For the company’s systems engineering team—the people who actually carry out IP allocations and server deployments—the benefits of cloud-based automation through BloxOne DDI have been a game-changer. “I’m more on the consumer end of this project, and from my point of view, it’s sort of ‘the invisible thing,’ and that’s good,” explained Joe Devereux, a senior systems engineer at MYOB’s Melbourne headquarters. “Before BloxOne DDI, the IPAM process required us to reach out and communicate with the networks team—which may or may not have been able to accommodate us right away. But now I can spin stuff up on my own in minutes and it’s invisible to me. It just works. I get a new IP block assigned for my account and I’m up and running straight away. The more stuff you can get automated and working, the easier my life becomes. And that’s what we got with BloxOne DDI.”
Kerr added that transitioning to a cloud-first model with Infoblox is increasing the agility of multiple stakeholders within the organization to innovate and accelerate on business priorities. “In the old days, you had an IT department that was responsible for all of the server infrastructure, patching, security and all those kinds of tasks inside a central data center. Then there would be an application on top afterwards. The model that we have now is actually building the infrastructure as code for all of those capabilities. We can hand the keys over, and everything’s defined as code for you. Our DevOps team gets all the same networking capabilities, but it’s right at their fingertips, and it doesn’t matter if they aren’t experts in provisioning IP addresses or server management. They can just concentrate on building great products.”

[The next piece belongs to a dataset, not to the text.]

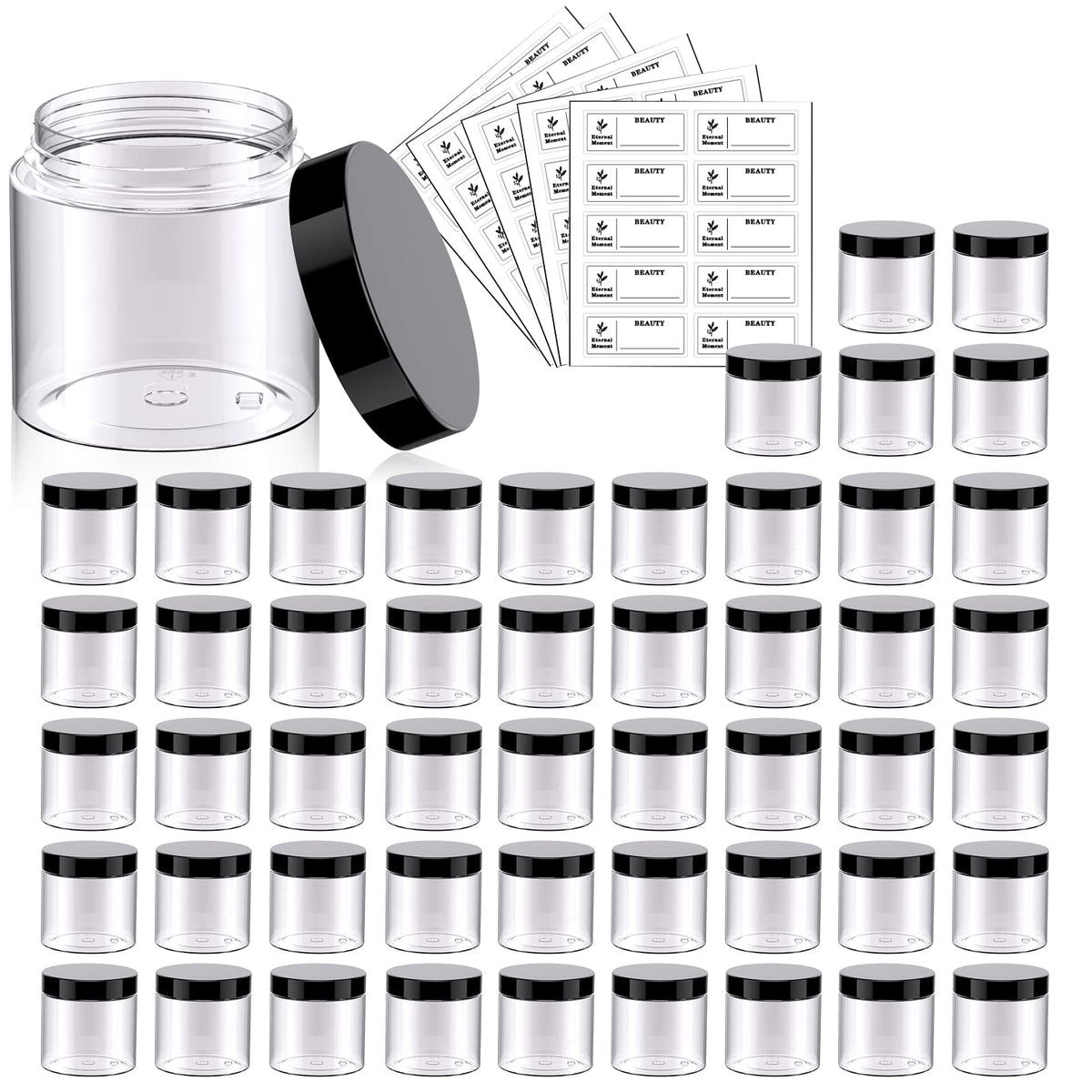 • Q: How many jars are included in the pack? A: The pack includes 50 clear 2 oz plastic jars with black lids.
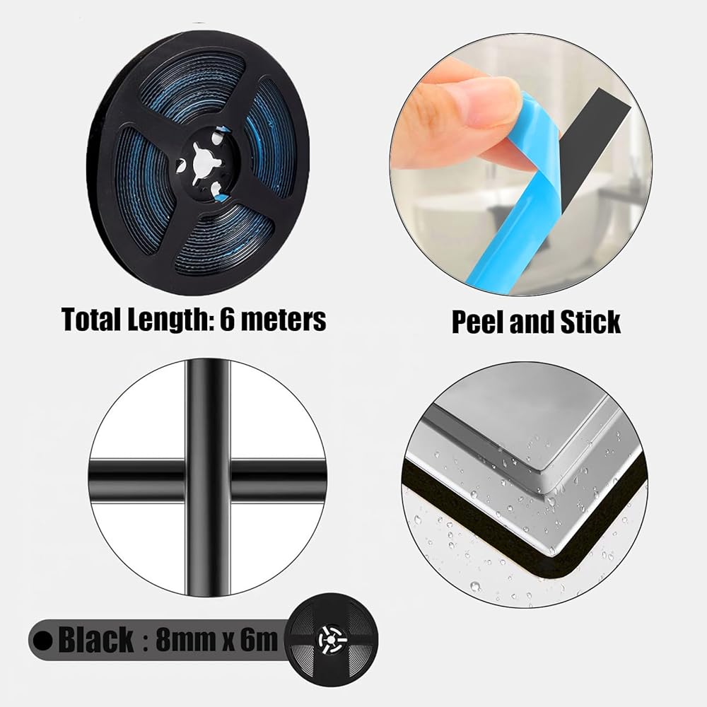 شريط السد المقاوم للماء، شريط السد ذاتي اللصق، لسطح المطبخ في الحمام، حافة جدار الزاوية باللون الأسود

While automating IP allocation was the initial impetus for deploying BloxOne DDI, ultimately Kerr and team were able to migrate both DHCP and DNS operations away from Windows Servers in the data centers and onto BloxOne in the cloud. “Infoblox gives us a single portal for network management using distributed, lightweight and redundant architecture on a SaaS model,” concluded Kerr. “The big value we get from BloxOne DDI is that our engineers can concentrate on our feature stack, and not on hours of upgrades.”